» **Directions for this task**
Leave every picture out and give back the lines below from the first through the line that holds "King Salmon, Hoki, Potatoes, Carrots, Peas, Carrageenan, Cassi", exactly as written.

┌──

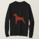 Uma silhueta do Pinscher do Doberman nos corações. Os t-shirt, suam, ganhos do presente da novidade.
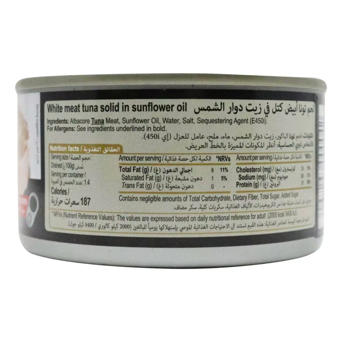 يعتبر لحم تونة الباكور الصلب في زيت دوار الشمس من كارفور خيار تونة معلبة لذيذة وصحية. يحتوي هذا المنتج على قطع من سمك التونة البكورة الصلبة المعبأة في زيت دوار الشمس مما يعزز نكهته وملمسه. يضيف زيت دوار الشمس طعمًا خفيفًا وممتعًا للتونة مما يجعلها مثالية للإستمتاع بها بمفردها أو إضافتها إلى السلطات والسندويشات وأطباق المعكرونة. تحتويكل علبة على 185 غرام من التونا عالية الجودة، يضمن هذا المنتج خيار وجبة مرضية ومغذية. يعد لحم تونة الباكور الصلب في زيت دوار الشمس من كارفور خيارًا رائعًا يجب مراعاته سواء كنت من محبي التونة أو تتطلع إلى دمج المزيد من البروتين في نظامك الغذائي.
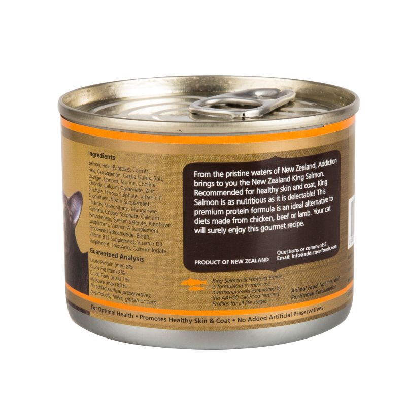 King Salmon, Hoki, Potatoes, Carrots, Peas, Carrageenan, Cassi Gums, Salt, Oranges, Lemons, Taurine, Choline Chloride, Calcium Carbonate, Zinc Sulphate, Ferrous Sulphate, Vitamin E Supplement, Niacin Supplement, Thiamine Mononitrate, Manganese Sulphate, Copper Sulphate, Calcium Pantothenate, Sodium Selenite, Riboflavin Supplement, Vitamin A Supplement, Pyridoxine Hydrochloride, Biotin, Vitamin B12 Supplement, Vitamin D3 Supplement, Folic Acid, Calcium Iodate.
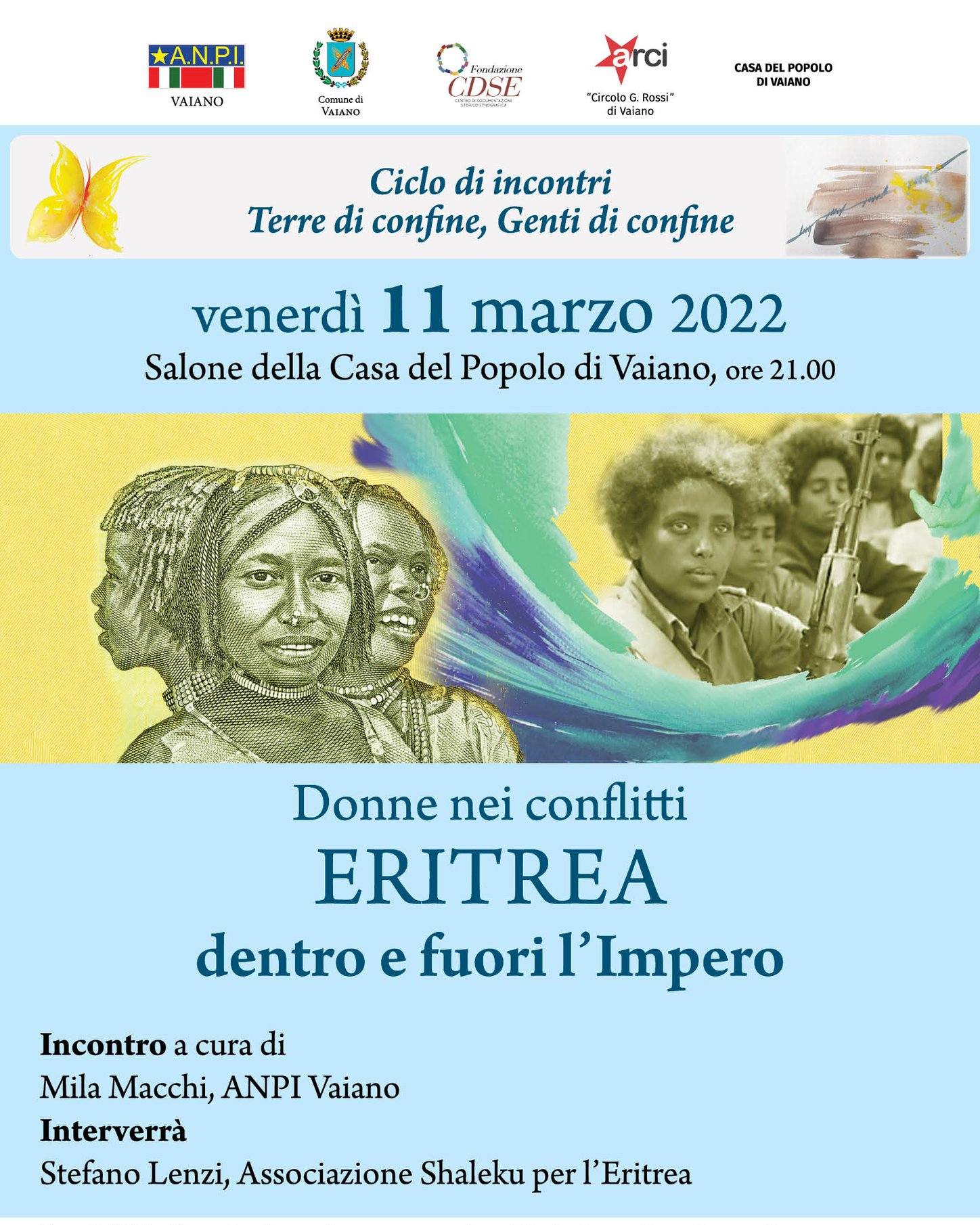 Venerdì 11 marzo alle ore 21.00 alla Casa del Popolo di Vaiano, per il ciclo “Terre di confine, Genti di confine”, si terrà un incontro dal titolo “Donne nei conflitti: Eritrea, dentro e fuori l’impero. Interverranno Mila Macchi (Anpi Vaiano) e Stefano Lenzi (Associazione Shaleku). L’iniziativa è organizzata da ANPI, CDSE, Casa del Popolo di Vaiano, con il patrocinio del Comune di Vaiano.
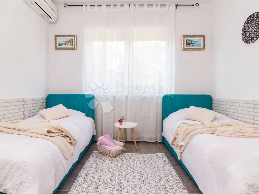 The larger house with a total area of 143 m2 consists of a living room, kitchen with dining room, three bedrooms, two bathrooms and a terrace. The attic of the house, with a minor intervention, can become another floor and become an additional living space, which creates additional value for this property. The house is fully air-conditioned, and the thermal insulation of the house and PVC joinery reduce the need for heating and cooling to the lowest possible level. It is important to emphasize that the house has a video surveillance system that can be accessed from a remote location. The house is regularly occupied during the summer season and is a preferred destination for guests who are happy to return to it.
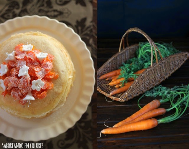 Y pensando en el relleno y la decoración de mi tarta de crepes, se me ocurrió adaptar una receta de la madre de una amiga, Dori (de quien ya os hablé en este post), que hace una tarta de galletas riquíiiisima rellena de zanahorias.

└──

» **Your solution**
 Uma silhueta do Pinscher do Doberman nos corações. Os t-shirt, suam, ganhos do presente da novidade.
 يعتبر لحم تونة الباكور الصلب في زيت دوار الشمس من كارفور خيار تونة معلبة لذيذة وصحية. يحتوي هذا المنتج على قطع من سمك التونة البكورة الصلبة المعبأة في زيت دوار الشمس مما يعزز نكهته وملمسه. يضيف زيت دوار الشمس طعمًا خفيفًا وممتعًا للتونة مما يجعلها مثالية للإستمتاع بها بمفردها أو إضافتها إلى السلطات والسندويشات وأطباق المعكرونة. تحتويكل علبة على 185 غرام من التونا عالية الجودة، يضمن هذا المنتج خيار وجبة مرضية ومغذية. يعد لحم تونة الباكور الصلب في زيت دوار الشمس من كارفور خيارًا رائعًا يجب مراعاته سواء كنت من محبي التونة أو تتطلع إلى دمج المزيد من البروتين في نظامك الغذائي.
 King Salmon, Hoki, Potatoes, Carrots, Peas, Carrageenan, Cassi Gums, Salt, Oranges, Lemons, Taurine, Choline Chloride, Calcium Carbonate, Zinc Sulphate, Ferrous Sulphate, Vitamin E Supplement, Niacin Supplement, Thiamine Mononitrate, Manganese Sulphate, Copper Sulphate, Calcium Pantothenate, Sodium Selenite, Riboflavin Supplement, Vitamin A Supplement, Pyridoxine Hydrochloride, Biotin, Vitamin B12 Supplement, Vitamin D3 Supplement, Folic Acid, Calcium Iodate.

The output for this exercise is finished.